To drive a car, you need to pass a test and have a license. Although there is no similar requirement to have a baby, should there be?
It’s the sort of interesting question that students debate regularly in Philosophy 104: Childhood, Marriage, and Family, one course within a First-Year Interest Group that is exploring children and families. The group contemplates complex questions surrounding family structure, society’s responsibilities toward children, and the role of government in marriage and in protecting and educating the young.
Licensing parents is a concept that typically generates some of the most animated discussions, says Harry Brighouse, a UW philosophy professor who teaches the course. “Students who read it the first time think it’s appalling, and by the time they finish [the discussion], they’re in favor of it,” Brighouse says. “It’s one of those things where students’ minds get changed in sort of surprising ways.”
The syllabus puts it best: “This course requires a lot of thinking.”
The twenty freshmen in Brighouse’s class wade through ideas and issues they will confront at some point in their lives: what makes for a good childhood, the case for and against same-sex marriage, and who is responsible for rearing children. Students take companion courses in sociology and educational psychology that cover marriage, family, and childhood development. They also read material that wouldn’t typically be part of a philosophy class, because Brighouse believes they can’t be expected to be knowledgeable enough about this course’s subjects to reflect philosophically from the get-go.

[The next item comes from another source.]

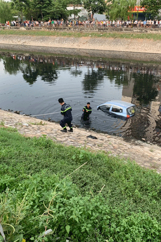 Thông tin ban đầu, hơn 17h30 ngày 12/6, một ô tô trôi xuống sông Tô Lịch tại khu vực đối diện số nhà 378 đường Kim Giang (quận Thanh Xuân).

“They have very similar experiences of childhood to one another,” he says. “One of the things I try to get them to do is read literature — historical and sociological literature — in which it’s made clear to them there are very different kinds of childhoods than [those] they experienced.”
At the very start of the course, Brighouse gets students thinking about marriage and family through a survey that asks whether they expect to have children. To those who answer yes, he follows up: “Which parent do you expect to spend the most time, energy, and effort raising the children?” He then asks the students to consider the same question for their five best friends.
He has asked hundreds of students these questions, and the results are always the same: Female students overwhelmingly think they’ll raise their children more or less equally with their spouses, while male students overwhelmingly think that the mothers will do most of the childrearing. And when it comes to their friends having children, both male and female students think the mother will bear more of the parenting responsibilities.
The questions reveal to female students the dissonance between their views of themselves and their friends when it comes to parenting. “In other words, you’re being totally unrealistic about yourselves,” Brighouse tells the mostly female class after sharing the results. “The boys know exactly what the game is. The girls don’t.”
Brighouse has two overarching goals for his students as they walk through these minefields of controversial topics: to be able to reason, and to understand how other people who go through the same process may end up disagreeing with them.
“I have no interest in having them walk away from my class with the same views I have,” he says. “I want them to think carefully about the moral questions that face them as ordinary people in their personal lives and in their lives as citizens.”
The small class size creates an atmosphere in which students are more likely to share their thoughts and opinions, Brighouse says. “By the end of the semester, you’ve seen them change and develop,” he says. “That’s what educating is; that’s what makes educating rewarding — not going in and saying the same thing over and over again, but actually observing people learning and developing.”